[Supplied records — start]

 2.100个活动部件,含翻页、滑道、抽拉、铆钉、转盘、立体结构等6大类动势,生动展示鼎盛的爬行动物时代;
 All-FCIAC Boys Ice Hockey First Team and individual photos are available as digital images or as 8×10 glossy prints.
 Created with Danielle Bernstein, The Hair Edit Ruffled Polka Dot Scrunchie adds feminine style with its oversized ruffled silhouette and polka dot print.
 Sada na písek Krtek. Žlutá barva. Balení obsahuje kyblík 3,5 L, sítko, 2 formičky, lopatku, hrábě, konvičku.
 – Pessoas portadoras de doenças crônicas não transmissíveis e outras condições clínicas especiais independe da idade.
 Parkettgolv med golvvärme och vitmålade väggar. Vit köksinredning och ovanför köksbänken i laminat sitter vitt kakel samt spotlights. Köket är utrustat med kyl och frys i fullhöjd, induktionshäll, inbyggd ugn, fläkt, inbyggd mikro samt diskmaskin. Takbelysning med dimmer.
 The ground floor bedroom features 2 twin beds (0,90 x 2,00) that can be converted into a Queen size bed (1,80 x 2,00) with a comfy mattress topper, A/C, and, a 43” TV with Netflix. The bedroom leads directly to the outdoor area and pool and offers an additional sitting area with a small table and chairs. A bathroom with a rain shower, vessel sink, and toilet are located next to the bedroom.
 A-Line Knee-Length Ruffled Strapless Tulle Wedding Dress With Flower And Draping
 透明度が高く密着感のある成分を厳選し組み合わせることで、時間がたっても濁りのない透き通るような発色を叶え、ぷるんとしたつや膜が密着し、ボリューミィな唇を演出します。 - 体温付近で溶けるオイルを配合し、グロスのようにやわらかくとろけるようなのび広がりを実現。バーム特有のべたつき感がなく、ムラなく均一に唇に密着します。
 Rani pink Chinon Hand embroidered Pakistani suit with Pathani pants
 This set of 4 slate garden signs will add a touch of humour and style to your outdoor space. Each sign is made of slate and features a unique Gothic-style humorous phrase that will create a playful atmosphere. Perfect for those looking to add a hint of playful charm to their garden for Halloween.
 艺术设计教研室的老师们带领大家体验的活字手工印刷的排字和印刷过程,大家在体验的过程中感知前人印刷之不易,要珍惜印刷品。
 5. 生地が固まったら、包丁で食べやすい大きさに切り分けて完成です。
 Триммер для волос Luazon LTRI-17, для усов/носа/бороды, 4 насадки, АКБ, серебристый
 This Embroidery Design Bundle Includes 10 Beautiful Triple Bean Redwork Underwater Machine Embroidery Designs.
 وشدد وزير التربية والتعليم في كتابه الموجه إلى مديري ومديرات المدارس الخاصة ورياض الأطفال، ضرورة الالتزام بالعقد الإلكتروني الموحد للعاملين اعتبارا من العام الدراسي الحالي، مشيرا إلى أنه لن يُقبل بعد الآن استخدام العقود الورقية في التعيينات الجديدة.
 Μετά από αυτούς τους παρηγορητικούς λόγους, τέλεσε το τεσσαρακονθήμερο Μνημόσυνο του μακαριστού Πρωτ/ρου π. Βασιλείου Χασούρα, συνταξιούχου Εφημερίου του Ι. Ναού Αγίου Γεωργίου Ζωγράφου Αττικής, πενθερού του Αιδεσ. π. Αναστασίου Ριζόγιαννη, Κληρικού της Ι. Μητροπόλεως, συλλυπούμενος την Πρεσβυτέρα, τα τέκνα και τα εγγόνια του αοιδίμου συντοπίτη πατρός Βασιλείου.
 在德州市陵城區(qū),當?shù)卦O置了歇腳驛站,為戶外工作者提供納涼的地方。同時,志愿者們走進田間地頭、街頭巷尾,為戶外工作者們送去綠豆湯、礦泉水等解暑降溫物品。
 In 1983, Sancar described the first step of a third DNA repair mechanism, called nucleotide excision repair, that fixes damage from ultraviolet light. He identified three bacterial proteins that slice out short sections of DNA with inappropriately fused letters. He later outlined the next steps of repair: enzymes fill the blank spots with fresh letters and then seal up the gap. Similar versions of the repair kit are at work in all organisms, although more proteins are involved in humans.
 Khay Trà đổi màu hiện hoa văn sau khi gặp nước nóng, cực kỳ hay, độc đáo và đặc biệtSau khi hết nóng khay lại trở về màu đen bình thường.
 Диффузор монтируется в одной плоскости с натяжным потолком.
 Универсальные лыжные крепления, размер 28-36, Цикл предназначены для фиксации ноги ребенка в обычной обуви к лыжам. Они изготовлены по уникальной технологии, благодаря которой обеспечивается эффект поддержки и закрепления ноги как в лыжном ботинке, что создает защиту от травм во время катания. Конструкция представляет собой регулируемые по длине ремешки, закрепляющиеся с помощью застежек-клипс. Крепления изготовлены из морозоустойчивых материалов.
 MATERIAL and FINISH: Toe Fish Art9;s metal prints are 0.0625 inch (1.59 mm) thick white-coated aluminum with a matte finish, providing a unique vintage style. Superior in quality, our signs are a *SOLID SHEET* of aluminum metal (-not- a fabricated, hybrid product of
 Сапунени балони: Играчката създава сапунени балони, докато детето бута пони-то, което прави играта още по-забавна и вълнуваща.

[Supplied records — finish]

# [Activity]
Report each line in the preceding entries that holds the string "Ruffled".

# [Problem solution]
 Created with Danielle Bernstein, The Hair Edit Ruffled Polka Dot Scrunchie adds feminine style with its oversized ruffled silhouette and polka dot print.
 A-Line Knee-Length Ruffled Strapless Tulle Wedding Dress With Flower And Draping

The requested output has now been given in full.